(Task material Opens)

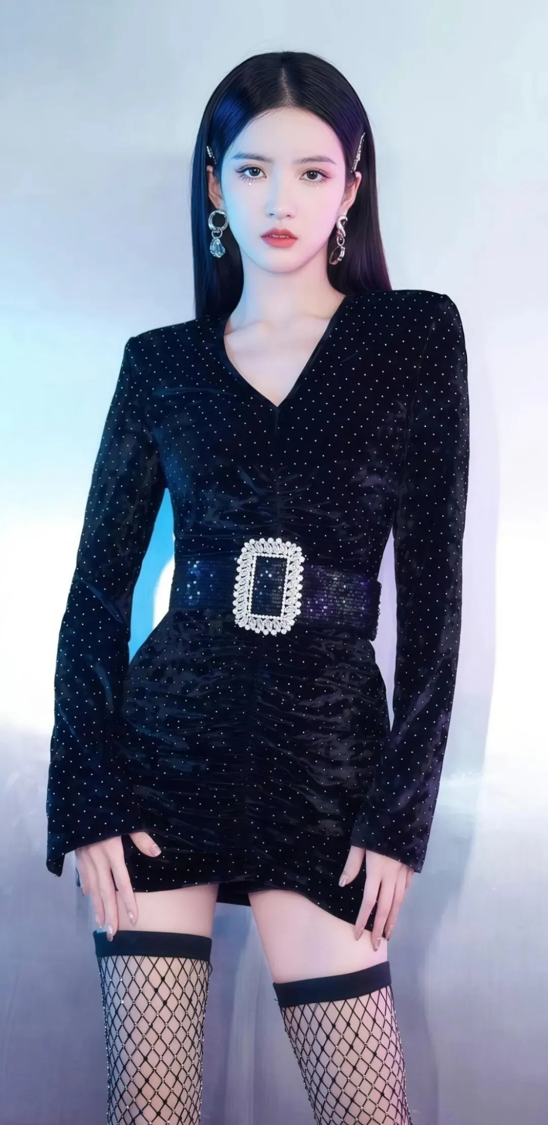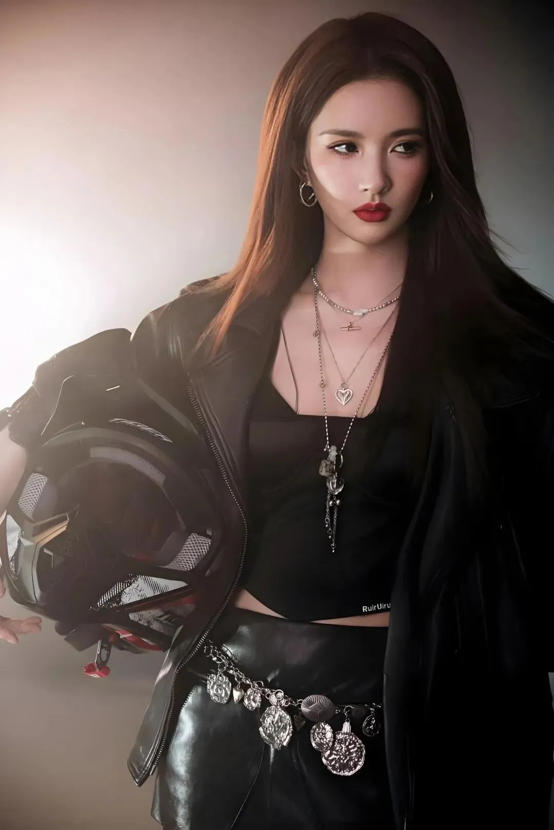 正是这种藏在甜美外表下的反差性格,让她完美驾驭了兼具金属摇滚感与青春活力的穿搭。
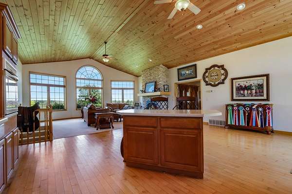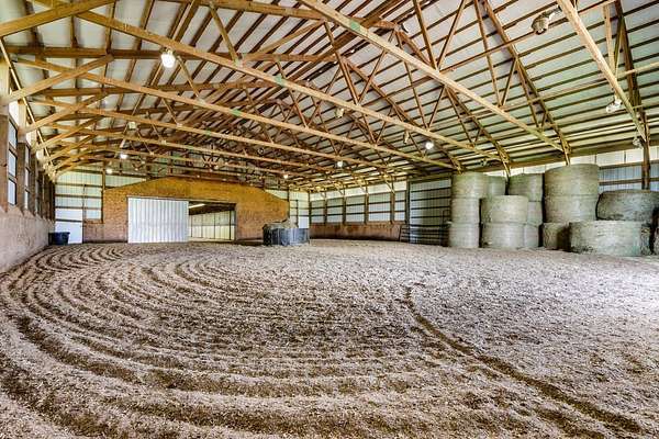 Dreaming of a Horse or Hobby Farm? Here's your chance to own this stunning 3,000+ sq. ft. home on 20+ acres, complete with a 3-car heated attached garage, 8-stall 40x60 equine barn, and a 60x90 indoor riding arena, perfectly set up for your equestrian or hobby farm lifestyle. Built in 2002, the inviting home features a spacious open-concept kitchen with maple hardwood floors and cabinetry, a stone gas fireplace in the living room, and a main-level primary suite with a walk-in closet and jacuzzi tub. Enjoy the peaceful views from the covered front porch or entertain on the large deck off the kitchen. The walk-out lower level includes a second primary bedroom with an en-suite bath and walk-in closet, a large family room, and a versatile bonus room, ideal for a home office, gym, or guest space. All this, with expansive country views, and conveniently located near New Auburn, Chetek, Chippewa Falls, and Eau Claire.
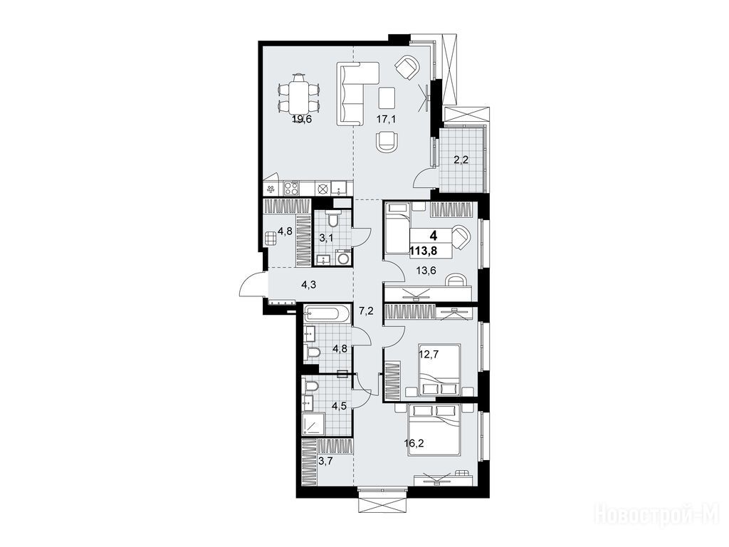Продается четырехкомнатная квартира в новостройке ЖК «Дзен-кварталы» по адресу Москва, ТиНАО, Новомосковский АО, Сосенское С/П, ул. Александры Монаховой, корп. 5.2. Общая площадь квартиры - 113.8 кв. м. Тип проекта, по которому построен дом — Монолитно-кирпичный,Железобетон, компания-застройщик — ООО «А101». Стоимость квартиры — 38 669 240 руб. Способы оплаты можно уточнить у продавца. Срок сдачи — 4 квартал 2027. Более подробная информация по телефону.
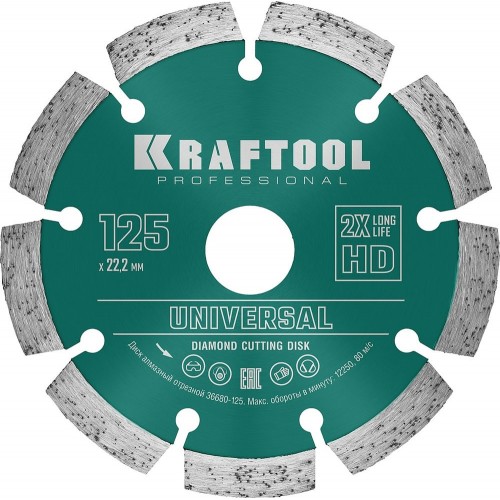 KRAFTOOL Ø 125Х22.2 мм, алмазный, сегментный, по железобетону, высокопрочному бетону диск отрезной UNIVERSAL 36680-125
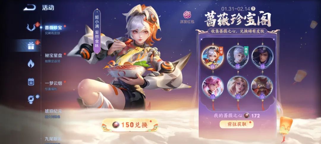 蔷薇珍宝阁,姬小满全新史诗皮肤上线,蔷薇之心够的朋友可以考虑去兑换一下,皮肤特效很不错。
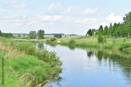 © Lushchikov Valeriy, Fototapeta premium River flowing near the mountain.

(Task material Closes)

=== Exercise objective ===
Print each entry above exactly. The pictures should not be printed.

=== Solution ===
 正是这种藏在甜美外表下的反差性格,让她完美驾驭了兼具金属摇滚感与青春活力的穿搭。
 Dreaming of a Horse or Hobby Farm? Here's your chance to own this stunning 3,000+ sq. ft. home on 20+ acres, complete with a 3-car heated attached garage, 8-stall 40x60 equine barn, and a 60x90 indoor riding arena, perfectly set up for your equestrian or hobby farm lifestyle. Built in 2002, the inviting home features a spacious open-concept kitchen with maple hardwood floors and cabinetry, a stone gas fireplace in the living room, and a main-level primary suite with a walk-in closet and jacuzzi tub. Enjoy the peaceful views from the covered front porch or entertain on the large deck off the kitchen. The walk-out lower level includes a second primary bedroom with an en-suite bath and walk-in closet, a large family room, and a versatile bonus room, ideal for a home office, gym, or guest space. All this, with expansive country views, and conveniently located near New Auburn, Chetek, Chippewa Falls, and Eau Claire.
Продается четырехкомнатная квартира в новостройке ЖК «Дзен-кварталы» по адресу Москва, ТиНАО, Новомосковский АО, Сосенское С/П, ул. Александры Монаховой, корп. 5.2. Общая площадь квартиры - 113.8 кв. м. Тип проекта, по которому построен дом — Монолитно-кирпичный,Железобетон, компания-застройщик — ООО «А101». Стоимость квартиры — 38 669 240 руб. Способы оплаты можно уточнить у продавца. Срок сдачи — 4 квартал 2027. Более подробная информация по телефону.
 KRAFTOOL Ø 125Х22.2 мм, алмазный, сегментный, по железобетону, высокопрочному бетону диск отрезной UNIVERSAL 36680-125
 蔷薇珍宝阁,姬小满全新史诗皮肤上线,蔷薇之心够的朋友可以考虑去兑换一下,皮肤特效很不错。
 © Lushchikov Valeriy, Fototapeta premium River flowing near the mountain.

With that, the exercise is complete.